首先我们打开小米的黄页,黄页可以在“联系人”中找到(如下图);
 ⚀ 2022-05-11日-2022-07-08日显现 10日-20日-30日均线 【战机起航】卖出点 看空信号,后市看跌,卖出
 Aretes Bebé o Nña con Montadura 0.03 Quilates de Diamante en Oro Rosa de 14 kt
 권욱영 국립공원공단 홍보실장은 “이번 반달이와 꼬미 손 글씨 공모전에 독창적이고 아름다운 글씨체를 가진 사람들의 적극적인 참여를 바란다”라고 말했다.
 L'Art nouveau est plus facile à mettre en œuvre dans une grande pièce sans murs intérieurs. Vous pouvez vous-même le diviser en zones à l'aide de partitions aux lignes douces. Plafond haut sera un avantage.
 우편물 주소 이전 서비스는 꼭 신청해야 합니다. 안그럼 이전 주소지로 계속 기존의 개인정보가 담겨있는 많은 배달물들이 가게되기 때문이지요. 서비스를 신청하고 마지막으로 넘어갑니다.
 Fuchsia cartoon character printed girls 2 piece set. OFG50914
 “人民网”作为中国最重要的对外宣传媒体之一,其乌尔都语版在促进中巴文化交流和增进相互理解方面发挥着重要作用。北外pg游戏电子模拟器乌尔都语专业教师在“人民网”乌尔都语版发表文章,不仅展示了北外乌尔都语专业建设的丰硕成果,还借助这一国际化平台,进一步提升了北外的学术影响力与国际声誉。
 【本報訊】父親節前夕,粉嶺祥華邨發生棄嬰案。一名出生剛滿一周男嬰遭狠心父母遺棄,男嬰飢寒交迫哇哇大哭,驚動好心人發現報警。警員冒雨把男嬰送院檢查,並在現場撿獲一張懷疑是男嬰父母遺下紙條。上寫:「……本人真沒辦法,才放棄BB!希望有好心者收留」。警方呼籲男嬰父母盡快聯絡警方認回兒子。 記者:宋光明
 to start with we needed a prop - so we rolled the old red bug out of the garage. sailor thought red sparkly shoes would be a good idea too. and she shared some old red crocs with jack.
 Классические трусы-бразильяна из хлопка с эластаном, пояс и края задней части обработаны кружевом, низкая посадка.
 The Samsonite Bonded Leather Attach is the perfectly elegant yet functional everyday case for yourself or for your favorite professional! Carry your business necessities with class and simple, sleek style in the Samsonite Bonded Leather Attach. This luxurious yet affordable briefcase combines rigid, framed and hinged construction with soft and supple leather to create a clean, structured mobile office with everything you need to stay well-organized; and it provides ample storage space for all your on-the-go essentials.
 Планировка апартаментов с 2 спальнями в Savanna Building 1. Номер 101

◆ ◆ ◆ ◆ ◆ ◆ ◆

# Required work:
Give the data again, exactly.

# Task solution:
首先我们打开小米的黄页,黄页可以在“联系人”中找到(如下图);
 ⚀ 2022-05-11日-2022-07-08日显现 10日-20日-30日均线 【战机起航】卖出点 看空信号,后市看跌,卖出
 Aretes Bebé o Nña con Montadura 0.03 Quilates de Diamante en Oro Rosa de 14 kt
 권욱영 국립공원공단 홍보실장은 “이번 반달이와 꼬미 손 글씨 공모전에 독창적이고 아름다운 글씨체를 가진 사람들의 적극적인 참여를 바란다”라고 말했다.
 L'Art nouveau est plus facile à mettre en œuvre dans une grande pièce sans murs intérieurs. Vous pouvez vous-même le diviser en zones à l'aide de partitions aux lignes douces. Plafond haut sera un avantage.
 우편물 주소 이전 서비스는 꼭 신청해야 합니다. 안그럼 이전 주소지로 계속 기존의 개인정보가 담겨있는 많은 배달물들이 가게되기 때문이지요. 서비스를 신청하고 마지막으로 넘어갑니다.
 Fuchsia cartoon character printed girls 2 piece set. OFG50914
 “人民网”作为中国最重要的对外宣传媒体之一,其乌尔都语版在促进中巴文化交流和增进相互理解方面发挥着重要作用。北外pg游戏电子模拟器乌尔都语专业教师在“人民网”乌尔都语版发表文章,不仅展示了北外乌尔都语专业建设的丰硕成果,还借助这一国际化平台,进一步提升了北外的学术影响力与国际声誉。
 【本報訊】父親節前夕,粉嶺祥華邨發生棄嬰案。一名出生剛滿一周男嬰遭狠心父母遺棄,男嬰飢寒交迫哇哇大哭,驚動好心人發現報警。警員冒雨把男嬰送院檢查,並在現場撿獲一張懷疑是男嬰父母遺下紙條。上寫:「……本人真沒辦法,才放棄BB!希望有好心者收留」。警方呼籲男嬰父母盡快聯絡警方認回兒子。 記者:宋光明
 to start with we needed a prop - so we rolled the old red bug out of the garage. sailor thought red sparkly shoes would be a good idea too. and she shared some old red crocs with jack.
 Классические трусы-бразильяна из хлопка с эластаном, пояс и края задней части обработаны кружевом, низкая посадка.
 The Samsonite Bonded Leather Attach is the perfectly elegant yet functional everyday case for yourself or for your favorite professional! Carry your business necessities with class and simple, sleek style in the Samsonite Bonded Leather Attach. This luxurious yet affordable briefcase combines rigid, framed and hinged construction with soft and supple leather to create a clean, structured mobile office with everything you need to stay well-organized; and it provides ample storage space for all your on-the-go essentials.
 Планировка апартаментов с 2 спальнями в Savanna Building 1. Номер 101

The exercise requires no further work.